滅多に使われることがないためだいぶ荒れてしまっていたが、ここ最近は、少しずつ掃除が進んでいる。
数日前にこの城から旅立っていったお姫様(※♂)が、暇潰しを兼ねて荷物の整理を手伝ってくれたおかげである。
しかし掃除が進んでいるとはいえ地下牢なので、そこへと続く石造りの廊下も、暗くて湿っぽく、不気味ですらある。

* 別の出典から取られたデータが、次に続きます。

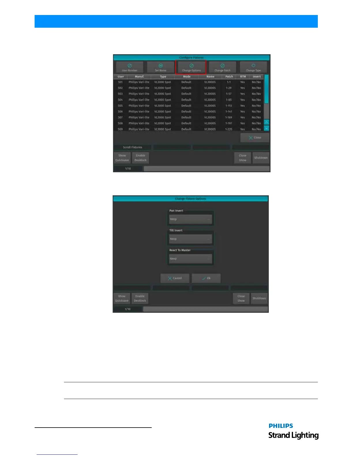 Figure 87: Configure Fixtures - Change Pan / Tilt Invert.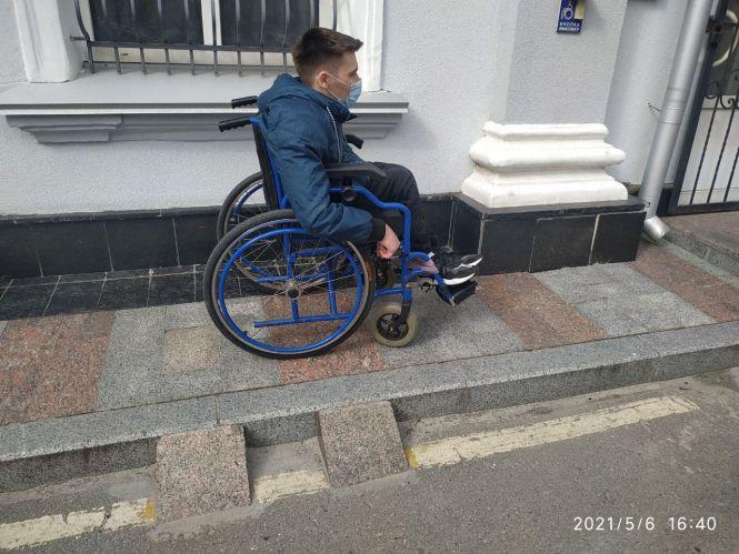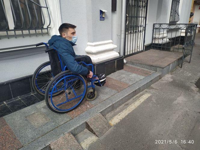 Діставшись до будівлі Управління державної реєстрації бачимо невеликий поріг, а біля нього пандус. Тарас без особливих труднощів піднімається.

壁にぽつぽつと松明が炊かれているだけだが、少し前まではこれさえなかったのだ。
「ふんふふーんふーん、今日ももーりもーりあっさごっはんー」
そんな廊下を、一人の少女が楽しげに歌を歌いながら歩いている。
彼女の名前はカリーノ。
この国の城に勤めるメイドの一人だ。
少し前まではただのメイドだったのだが、一週間ほど前にメイド長に就任した。
自分の先輩であるエイリーが、お姫様の護衛のために旅立ってしまったため、その代わりを勤めている。
パーチェ姫とエイリーがいなくなるのは正直寂しかった。
パーチェ姫はめちゃくちゃ怖いし能力を使うと怒るし理不尽だし暴力的だから嫌いだったけど、お城の外で襲撃されてからはやたらいい人になったなぁ。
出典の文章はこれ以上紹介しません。